When people talk about bioisosteres (e.g. tetrazole and carboxylic acid) they are usually referring to R group replacements that have similar biological properties. Identifying new bioisosteres can expand a med chemist’s toolbox, and so a number of studies have analysed activity databases to search for previously unknown bioisoteric replacements (e.g. [1]).
Here instead we will analyse what med chemists already consider to be bioisosteres. That is, we will look at the set of med chem replacements observed in the medicinal chemistry literature without any regard to the corresponding activity.
What I’ve done is take all (non-duplicate) IC50, EC50 and Ki data from ChEMBL and generated matched series on a per-assay basis (e.g. an assay with halide analogues will be converted to [*Br, *Cl, *F]). The corresponding matched pairs (e.g. [*Br, *F], [*Br, *Cl], [*F, *Cl]) are then associated with the paper from which the assay is taken, and any duplicates for the same paper are removed.

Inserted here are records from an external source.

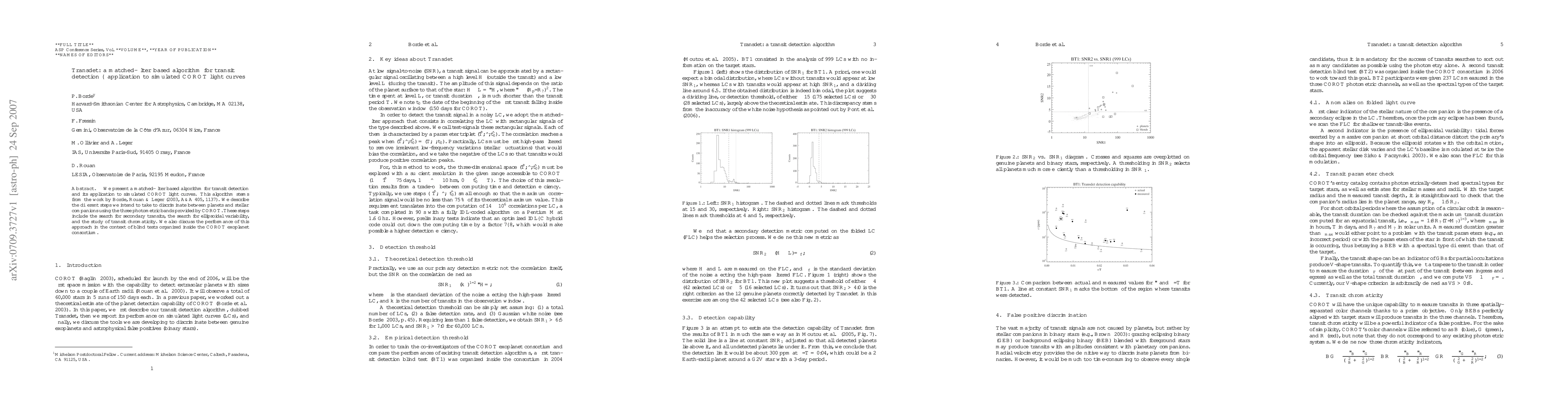 Title: Transdet: a matched-filter based algorithm for transit detection - application to simulated COROT light curves Summary: This paper introduces a matched-filter algorithm for detecting exoplanetary transits, applied to simulated COROT data, and outlines methods to distinguish between planets and stellar companions using COROT’s three photometric bands. The performance of the algorithm is evaluated through internal blind tests.
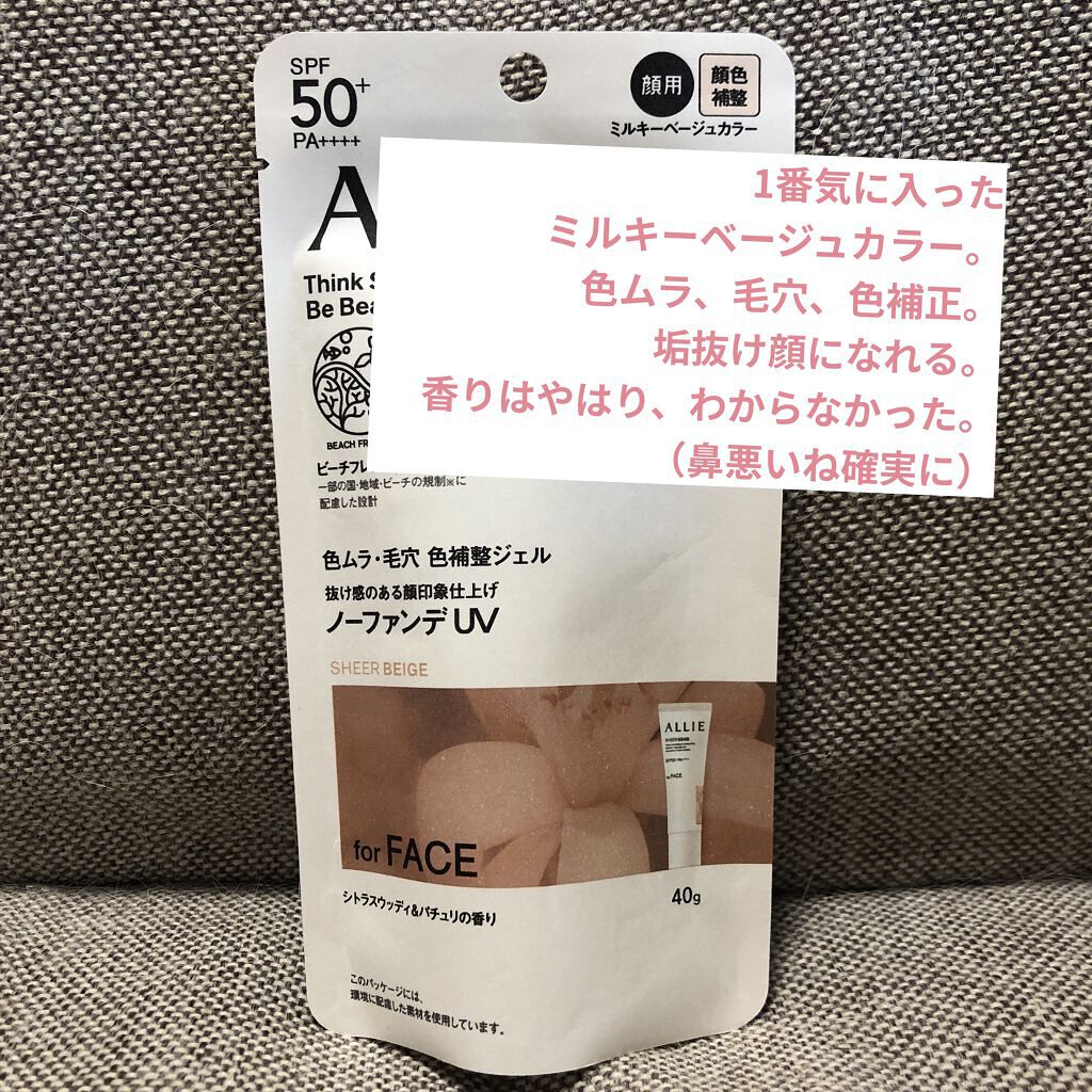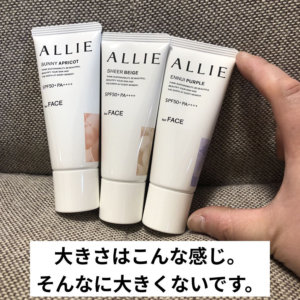- 世界を想う 美しさつづく*1 日やけ止め おでかけも、マスクを外す機会も増える毎日に。 一部の国・地域・ビーチの規制に配慮した設計のビーチフレンドリー処方。 これ 1 本で、UV カット&顔色補整効果でクマ・くすみ・色ムラまでカバー! テカりにくく、くずれにくいノーファンデ UV*2 【ENNUI PURPLE】 くすみや毛穴をカバー 儚げな透明感のある顔印象続く 澄んだ気分を誘う 紫陽花しずく&セージの香り 【SUNNY APRICOT】 クマや毛穴をカバー いきいきとした血色感のある顔印象つづく 思わず出かけたくなる アプリコット&金木犀の香り 【SHERR BEIGE】 色ムラや毛穴をカバー 均一で抜け感のある顔印象つづく 自然で飾らない シトラスウッディ&パチュリの香り ●一部の国・地域・ビーチの規制に配慮した設計の「ビーチフレンドリー処方」 ●SPF50+・PA++++ ●汗・水 こすれに強く落ちにくい フリクションプルーフ・スーパーウォータープルーフ ●ベタつきにくい感触がつづく ●テカりにくくキレイな肌仕上がりがつづく ●環境に配慮した素材を使用したパッケージ採用 ●美容液成分(保湿)ヒアルロン酸Na配合 ●顔用 ●普段のメイククレンジングで落とせる ●マスク・タオル等につきにくい ●化粧下地効果 *1 スキンケア効果またはメイクアップ効果による肌仕上がりのこと *2 ファンデーション未使用時でも、自然なベースメイクが仕上がる日やけ止めのこと *3 チリ・ほこり・PM2.5・花粉等すべての微粒子汚れの付着を防ぐわけではありません 01:ENNUI PURPLE パープル 02:SUNNY APRICOT アプリコットピンク 03:SHEER BEIGE ミルキーベージュ
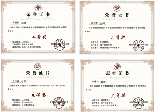 11月21日—24日,全國民辦高校體育聯盟體育部主任/院長培訓暨首屆體育教師教學設計創新大賽于鄭州升達經貿管理學院圓滿收官。這場賽事聚焦體育教學創新,匯聚了全國民辦高校的體育教學骨干力量。晉中信息學院競技體育中心梁國軍副主任帶隊,肖麗娟、武君戈、吳丹丹、劉建偉四位教師組成參賽團隊,他們憑借過硬的專業能力和創新的教學設計脫穎而出,分別斬獲特色項目術科組二等獎、體育專業理論組二等獎、體育專業術科組三等獎及公共體育術科組三等獎,團隊更憑借默契作榮獲優秀組織獎,為學校贏得多項榮譽。
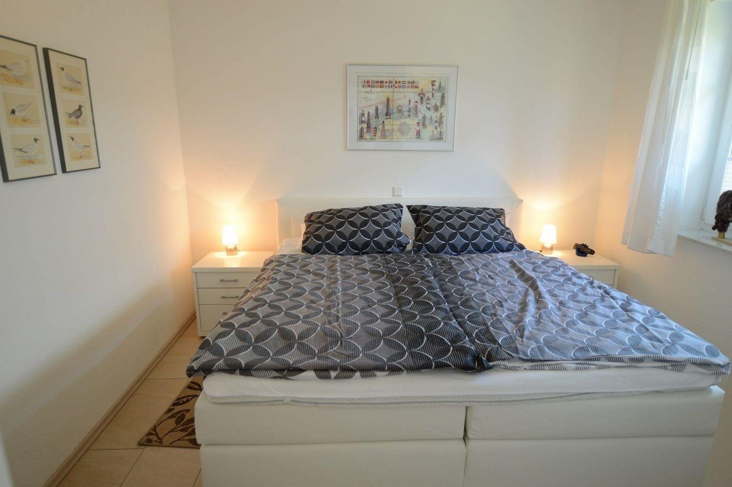 Im schönen Schlafzimmer mit konfortablem Boxspringbett(180x200) ist das Schlafen ein Genuss. Auch hier ist ein TV-Gerät vorhanden. Doppelte Kissen, ein Kleiderschrank und ein Wecker machen das Zimmer komplett.
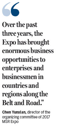 "Over the past three years, the Expo has brought enormous business opportunities to enterprises and businessmen in countries and regions along the Belt and Road," said Chen Yunxian, director of the organizing committee of 2017 MSR Expo on its opening ceremony. "This year, the expo has also received a positive response from those countries and regions."
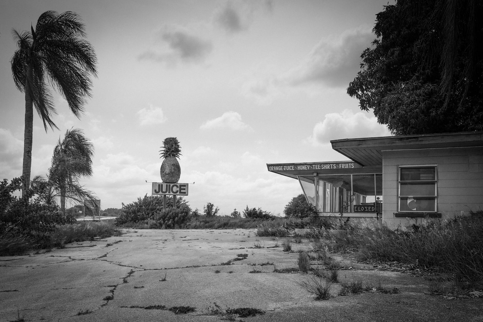 old Florida Juice Stand. It used to have pineapple grove and homemade pineapple jellies, juices and souvenirs. on top of pineapple is an osprey nest.
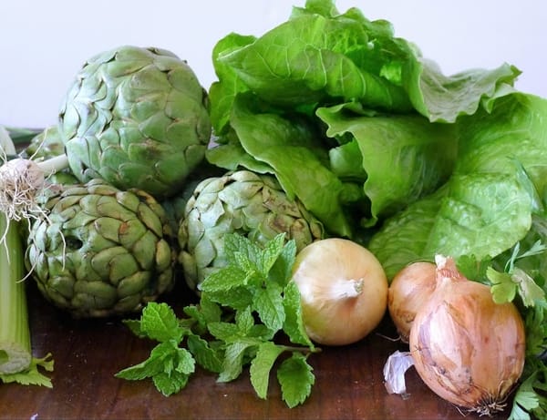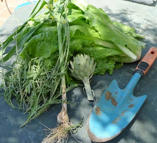 | Today in the garden - green garlic, artichokes, arugula and romaine. |
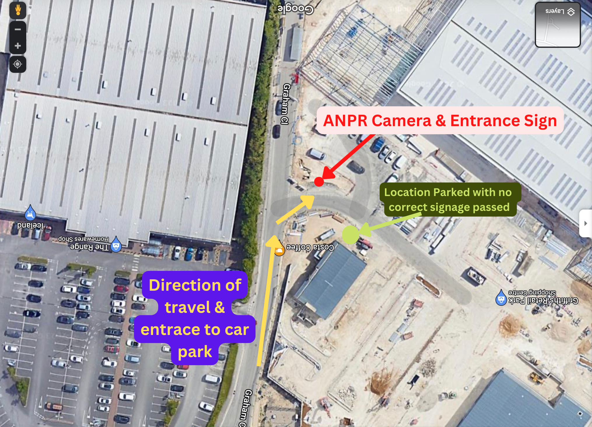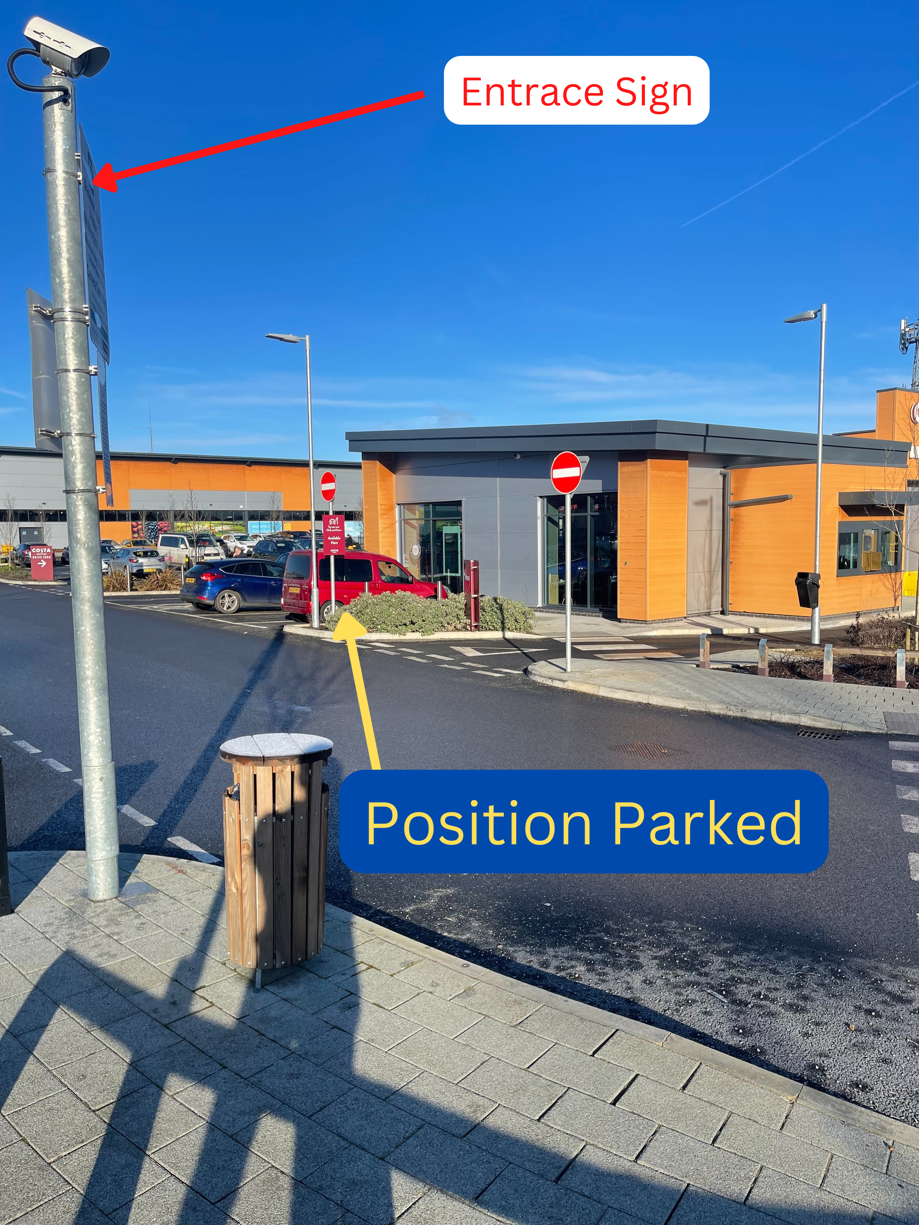 The driver of the vehicle passed this entrance sign and parked in the nearest spot outside Costa. There is no other signs in view to the driver that any £100 Parking Charge Notice applies if they over stayed the set free period.

Having done this, we can then ask what is a popular replacement for *Br? As it turns out the top answer is ethynl, after *I. This comes from the fact that *Br occurs in 5497 of the 32,158 papers, and ethynl in 322, so if they occured independently we would expect to see them co-occur in 55 papers. Given that they actually co-occur in 103, this is an enrichment (or “lift” as recommender systems [2] call it) of 1.9 times what you would expect to see by chance. Here are the others with positive enrichment:
R | Occurence | Co-occur | Expected | Enrichment |
---|---|---|---|---|
*I | 1553 | 901 | 265.5 | 3.4 |
*C#C | 322 | 103 | 55.0 | 1.9 |
*Cl | 10769 | 3263 | 1840.8 | 1.8 |
*[N+](=O)[O-] | 3910 | 1179 | 668.4 | 1.8 |
*C=C | 334 | 91 | 57.1 | 1.6 |
*C#N | 3373 | 883 | 576.6 | 1.5 |
*SC(F)(F)F | 63 | 16 | 10.8 | 1.5 |
*F | 9048 | 2261 | 1546.6 | 1.5 |
*OC(F)(F)F | 1149 | 279 | 196.4 | 1.4 |
*C(F)(F)F | 4984 | 1130 | 852.0 | 1.3 |
*S(=O)(=O)C(F)(F)F | 51 | 10 | 8.7 | 1.1 |
*SC | 1337 | 252 | 228.5 | 1.1 |
*C#CC | 76 | 14 | 13.0 | 1.1 |
I’ve put together an animation that summarises these data. This cycles through the most popular R group replacements that have positive enrichment and that have not previously been shown (in the animation, that is). The suggestions seem to make a lot of sense, especially when you remember that no fingerprint or MCS calculation is used – the co-occurences come completely from the data.
References:
[1] Wassermann AM, Bajorath J. Large-scale exploration of bioisosteric replacements on the basis of matched molecular pairs. Future Med Chem. 2011, 3, 425-436.
[2] Boström J, Falk N, Tyrchan C. Exploiting personalized information for reagent selection in drug design. Drug Discov Today. 2011, 16, 181-187.
Nice way of looking at what chemists prefer to swap in, although this will be affected by many factors including synthetic tractability and overall property profile of the molecule.
Animation is a nice way to show the data, but not sure I understand what it’s showing – each group is a positively enriched replacement for what?
Thanks. Each successive group is a positively enriched replacement for the previous group. So, top of the list for *H replacements is *F. Then top of the list (after ignoring any *H present) for *F replacements is *OCF3. Then top of the list for *OCF3 (after ignoring any *H and *F) is *SCF3.